It was getting close to 10PM, the summer air had cooled and I pulled my scarf closer around me as we joined the people gathered in front of the Art Gallery of South Australia.
The normally brown facade was changing. A blue bird perched itself on a rock, peered at us, and then flew off, disappearing in to the black. Fish swam into view, before jumping and diving their way around the building. Waves of ocean were quickly dispersed by blades of green grass. A stegosaurus appeared out of nowhere.
Tom Moore’s ‘The Bureau of Comical Ecologies’ is just one of the many projections on display as part of the Adelaide Fringe Illuminations. A free event held as part of the Fringe, the projected ‘Illuminations’ are displayed on buildings along Adelaide’s North Terrace, and just add to the fun of being in Adelaide right now.
South Australia is known as ‘The Festival State’, and at this time of year, Adelaide plays host to so many festivals that we call it ‘Mad March’. It all begins in February, with the Adelaide Fringe Festival, the largest arts festival in the Southern Hemisphere. But we don’t stop there. We cram the rest of February and all of March full with even more festivals: the Adelaide Festival of the Arts, the Clipsal 500 car race, the world music festival WOMAD, and the Adelaide Cup to name a few. You find yourself going to two shows every night and needing a rest by the time April comes around!
We stood and watched the Art Gallery animated projection as it finished its cycle, and then moved on to the next beautifully lit up building along North Terrace, dodging pedalos ferrying people between Fringe shows, and stopping to listen to a Scottish bagpiper on the way.
Ever since I went to the Sound and Light Show at Château de Blois I’ve been fascinated about how projections like these can transform these beautiful buildings from something I’m used to seeing every day to amazing works of art.

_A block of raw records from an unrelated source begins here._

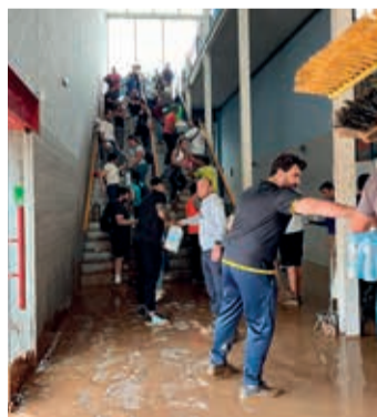
Voluntarios ayudando en las poblaciones afectadas.

El pueblo valenciano saldrá adelante con la ayuda de todos, mientras aprendemos de los errores, para que al final encontremos el camino para que nunca más se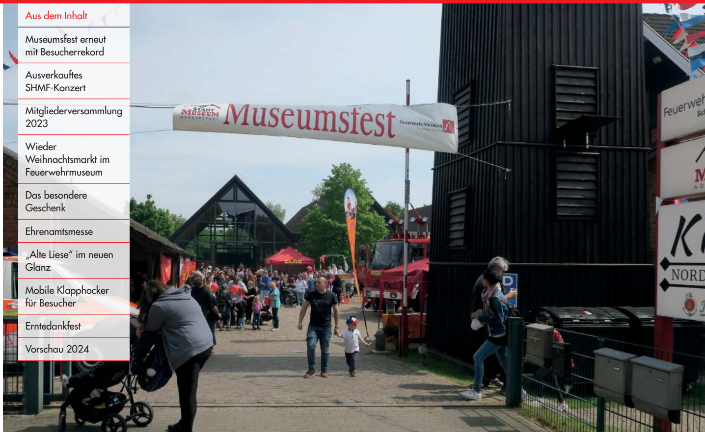
15. Norderstedter Museumsfest am 21. Mai 2023, Foto: FMSH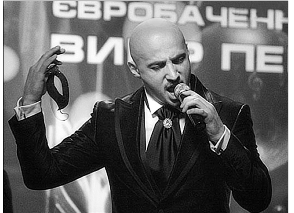
Якби кожен займався своєю справою, ми мали б ідеальний рівень розвитку в усьому

— Те саме можна сказати і про Євробачення. Артисти зростають на іміджі та на епатажності. Епатажні артисти — Верка Сердючка, яка посіла друге місце на цьому пісенному конкурсі. Це непогано для країни. Але уявімо, що там виступив “невідомий” Френк Сінатра чи Лучано Паве-

In just one hundred metres, you could see portrayals of Aboriginal culture, learn about the treasures of the State Library, discover the surreal ecology on the Art Gallery of South Australia, and be entranced by the circus montages on both the South Australian Museum and Bonython Hall.
You could even try it out for yourself, with a station set up to give passers-by three minutes to try creating their own works of projected art!
The Fringe Illuminations is on from February 12 – 28 2016 from 8:30PM – 1:30AM.